For teams currently using Claude Sonnet 4.6 or GPT-5.4 for high-volume, latency-sensitive tasks, the pricing gap warrants a benchmark comparison on your specific task distribution. At $0.25 vs $3.00 input per million tokens, even a modest quality trade-off may be acceptable at scale.

FAQ

How does Flash-Lite compare to Gemini 2.5 Flash-Lite?

Gemini 3.1 Flash-Lite replaces 2.5 Flash-Lite entirely. It posts 45% higher output speed and improved benchmark scores across GPQA Diamond and MMMU Pro. Pricing is comparable to the 2.5 generation at the Flash-Lite tier.

Is the $0.25/M price for all input types including images?

Google's published pricing of $0.25/M covers text input tokens. Image and video input tokens are billed separately at different rates. Check ai.google.dev/pricing for current multimodal token rates.

What context window does Flash-Lite support?

Gemini 3.1 Flash-Lite supports a 1 million token context window, consistent with the rest of the Gemini 3.1 family. Context caching is available for repeated large inputs to reduce cost on long-context workloads.

Does Flash-Lite support function calling and tool use?

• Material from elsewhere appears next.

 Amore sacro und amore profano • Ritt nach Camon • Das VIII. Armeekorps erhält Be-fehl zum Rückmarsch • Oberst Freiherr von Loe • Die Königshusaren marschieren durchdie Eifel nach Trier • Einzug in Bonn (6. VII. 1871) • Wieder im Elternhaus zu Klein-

Yes. Flash-Lite supports function calling, Google Search grounding, and code execution — the same tool suite available in Flash and Pro. Thinking level affects reasoning quality on tool use tasks but does not restrict tool availability.

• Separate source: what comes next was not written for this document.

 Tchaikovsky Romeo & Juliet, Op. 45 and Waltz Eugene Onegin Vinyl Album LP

Is Flash-Lite available for free during a trial period?

Google AI Studio access to Flash-Lite is free for prototyping within the free tier rate limits. Production usage via the Gemini API and Vertex AI is billed at published rates from day one of GA launch (March 3, 2026).


Next step: Open Google AI Studio, select gemini-3.1-flash-lite from the model dropdown, set thinking level to minimal, and run your highest-volume production prompt against it today to get a direct latency and quality comparison against your current model.